Most famously, he wrote the Kremlin had kompromat of Trump “deriling” [sic] a bed once used by Barack and Michelle Obama by “employing a number of prostitutes to perform a 'golden showers' (urination) show.”

This was too good of a story not to do. By hook or crook, it had to come out. The first salvo was by David Corn of Mother Jones on October 31, 2016: “A Veteran Spy Has Given the FBI Information Alleging a Russian Operation to Cultivate Donald Trump.”

The piece didn’t have pee, Prague, or Page in it, but it did say Russian intelligence had material that could “blackmail” Trump. It was technically kosher to print because Corn wasn’t publishing the allegations themselves, merely that the FBI had taken possession of them.

A bigger pretext was needed to get the other details out.
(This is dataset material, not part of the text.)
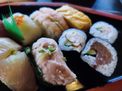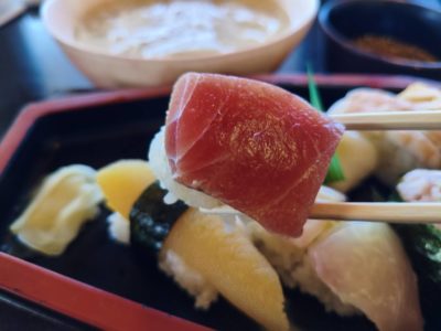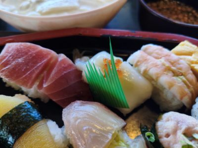 数の子、かんぱち、マグロ、ネギトロ、エビ、イカ、鉄火、レタス巻ネタがでっかいので半分にカットしてあるのもうれしい。うまい。

This took place just after the election, when four intelligence officials presented copies of the dossier to both President-Elect Trump and outgoing President Obama.

From his own memos, we know FBI Director James Comey, ostensibly evincing concern for Trump’s welfare, told the new President he was just warning him about what was out there, as possible blackmail material:
I wasn’t saying [the Steele report] was true, only that I wanted him to know both that it had been reported and that the reports were in many hands. I said media like CNN had them and were looking for a news hook. I said it was important that we not give them the excuse to write that the FBI has the material or [redacted] and that we were keeping it very close-hold [sic].
Comey’s generous warning to Trump about not providing a “news hook,” along with a promise to keep it all “close-held,” took place on January 6, 2017. Within four days, basically the entire Washington news media somehow knew all about this top-secret meeting and had the very hook they needed to go public. Nobody in the mainstream press thought this was weird or warranted comment.

Even Donald Trump was probably smart enough to catch the hint when, of all outlets, it was CNN that first broke the story of “Classified documents presented last week to Trump” on January 10.

At the same time, Buzzfeed made the historic decision to publish the entire Steele dossier, bringing years of pee into our lives. This move birthed the Russiagate phenomenon as a never-ending, minute-to-minute factor in American news coverage.

Comey was right. We couldn’t have reported this story without a “hook.” Therefore the reports surrounding Steele technically weren’t about the allegations themselves, but rather the journey of those allegations, from one set of official hands to another. Handing the report to Trump created a perfect pretext.